Fix: satisfy linear constraints and constants across tensors.

### 6. Strides check failure (non-contiguous)
```python
import torch

A = torch.empty((M, K), device='cuda', dtype=torch.float16)
A_nc = A.t()  # transpose -> non-contiguous
B = torch.empty((K, N), device='cuda', dtype=torch.float16)
C = torch.empty((M, N), device='cuda', dtype=torch.float16)
fn(A_nc, B, C)
```
Expected: `Argument <kernel>.A_handle.strides[1] has an unsatisfied constraint: ... == 1`.

Fix: pass `A_nc.contiguous()` or align the layout expectation in the kernel.

### 7. device_type mismatch
```python
import torch

A = torch.empty((M, K), device='cpu', dtype=torch.float16)
B = torch.empty((K, N), device='cpu', dtype=torch.float16)
C = torch.empty((M, N), device='cpu', dtype=torch.float16)
fn(A, B, C)  # CUDA-targeted kernel
```
Expected: `<kernel>.A_handle.device_type mismatch [expected: 2 (cuda)] ...`.

Fix: move tensors to the CUDA device.

### 8. device_id mismatch (multi-GPU)
```python
import torch

A = torch.empty((M, K), device='cuda:0', dtype=torch.float16)
B = torch.empty((K, N), device='cuda:1', dtype=torch.float16)
C = torch.empty((M, N), device='cuda:0', dtype=torch.float16)
fn(A, B, C)
```
Expected: `Argument <kernel>.B_handle.device_id has an unsatisfied constraint: ... == ...`.

Fix: place all tensors on the same GPU (e.g., `cuda:0`).

### 9. NULL data pointer (advanced)
This usually comes from hand-constructed DLTensor/NDArray, or external frameworks passing unallocated/freed storage. Regular `torch.Tensor` allocations rarely hit this.

Expected: `<kernel>.<name> is expected to have non-NULL data pointer, but got NULL`.

Fix: ensure valid underlying storage; in PyTorch scenarios, avoid constructing tensors from invalid external handles.
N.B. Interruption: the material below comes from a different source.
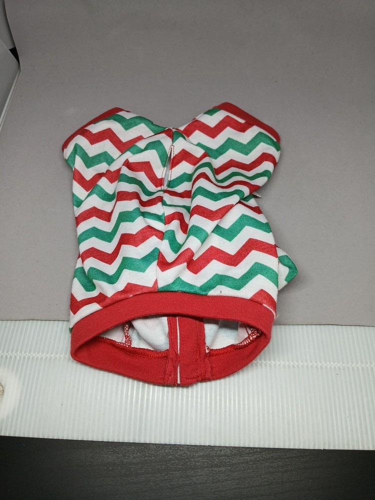 This product is a used Build-A-Bear Workshop clothing item designed as a red and green chevron sleeper for a reindeer stuffed animal. The product is titled "Build A Bear Merry Mission Red/Green Chevron Reindeer Sleeper".

### 10. Scalar type mismatch (int / bool)
```python
import tilelang.language as T

@T.prim_func
def scalar_check(x: T.int32, flag: T.bool()):
    T.evaluate(0)

scalar_check(1.0, True)  # x is float -> Expect arg[0] to be int
scalar_check(1, 2.5)     # flag is float -> Expect arg[1] to be boolean
```

Fix: pass correct scalar types, e.g., `scalar_check(1, True)`.

---

## Closing Notes
- Cross-check “shape / strides / device / dtype” against the kernel signature to localize issues efficiently.
- For complex symbolic relations, print the host source to confirm binding/solving order, then adjust runtime shapes/layouts accordingly.